Haushaltsschule St.Elisabeth in Herdern

Mit der Entwicklung Herderns von der bäuerlich strukturierten Vorstadt zum Villenvorort am Ende des 19. Jahrhunderts begann man im Stadtteil auch mit der Errichtung von Ausbildungsheimen und Pensionaten. Hier waren es zunächst kirchliche Institutionen, die in größerem Umfang in die „Töchterausbildung“ investierten. Vorreiter war dabei das Mutterhaus der Franziskanerinnen im Kinzigtalstädtchen Gengenbach. Dessen Schwestern hatten am 2. November 1891 im Stadtteil Stühlinger die „Haushaltsschule St. Elisabeth“ eröffnet. Sechs Jahre später wurde dann in Herdern ein Anwesen an der Immentalstraße, Ecke Längenhardstraße, gekauft. Hier ließen die Franziskanerinnen bis 1899 durch den Freiburger Architekten Lukas Geis ein Schwesternhaus errichten. Mit dem Schwesternhaus war die Haushaltsschule verbunden, für die drei Arbeitssäle vorhanden waren. Neben Kapelle, Refektorium und Speisesaal gab es im Erdgeschoss sogar zwei Bäder.
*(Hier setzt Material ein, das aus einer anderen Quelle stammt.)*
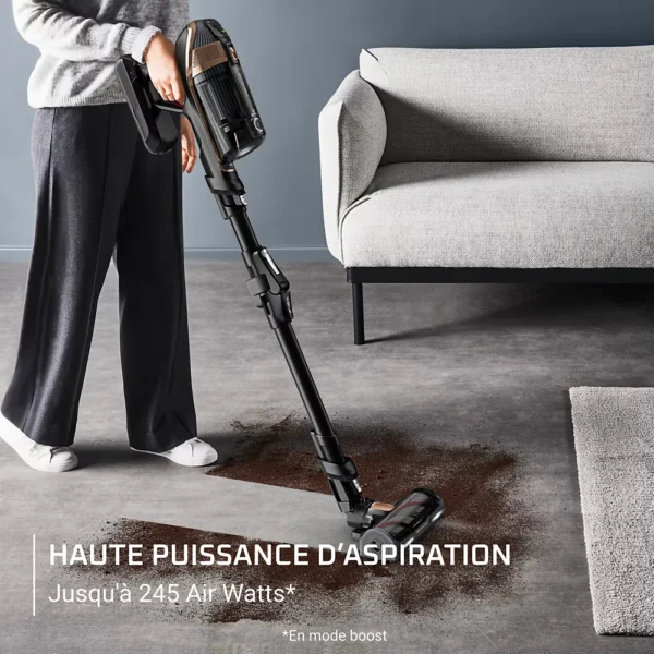 L’aspirateur balai ROWENTA RH99F3WO X-force Flex représente le summum de l’efficacité et de l’innovation. Avec sa technologie cyclonique et son moteur digital, cet appareil sans fil multifonction délivre une puissance d’aspiration exceptionnelle de 245 Air Watts, capable de venir à bout des saletés les plus tenaces sur tous types de sols. Sa tête d’aspiration rectangulaire est équipée d’un éclairage LED, permettant de détecter et d’éliminer efficacement la poussière dans les zones sombres. La filtration à 99,9% garantit un air plus pur, tandis que la capacité XL du bac à poussière de 0,9 L minimise les vidanges fréquentes, pour un nettoyage sans interruption.

Zur Ausstattung gehörten auch ein Musik- und ein Krankenzimmer. Die Einrichtung wurde der heiligen Elisabeth geweiht, das Wohnheim erhielt den Namen des heiligen Franziskus. Noch vor 1900 zogen die ersten 30 Internatszöglinge in die Schule ein. Seit der Eröffnung der Schule kümmerten sich die Ordensschwestern hier vor Ort um die Aus- und Fortbildung von jungen Frauen, die in erster Linie hauswirtschaftliche Kenntnisse erlernten. Öfters war auch ein Kinderhort eingerichtet, einmal sogar ein Altenheim und in den beiden Weltkriegen diente das Gebäude teilweise als Lazarett. Erst 1926 wurde die private Schule „staatlich zugelassen“ und durfte 1938 sogar offiziell als Berufsfachschule firmieren. Mehrmals änderte sich auch die Bezeichnung der Einrichtung, vom „Institut St. Elisabeth“ über „Private Haushaltsschule“ bis hin zu „Privates Töchterheim“ reichten die Varianten. Manch eine der in Herdern ausgebildeten Frauen blieb auch in Freiburg „hängen“. Schließlich galt St. Elisabeth vor dem Zweiten Weltkrieg bei den heiratswilligen Männern des Breisgaus (und auch in Herdern) als „Geheimtipp“. Hier fand man nicht nur hübsche, sondern auch recht lebenstüchtige Partnerinnen für ein Leben zu zweit.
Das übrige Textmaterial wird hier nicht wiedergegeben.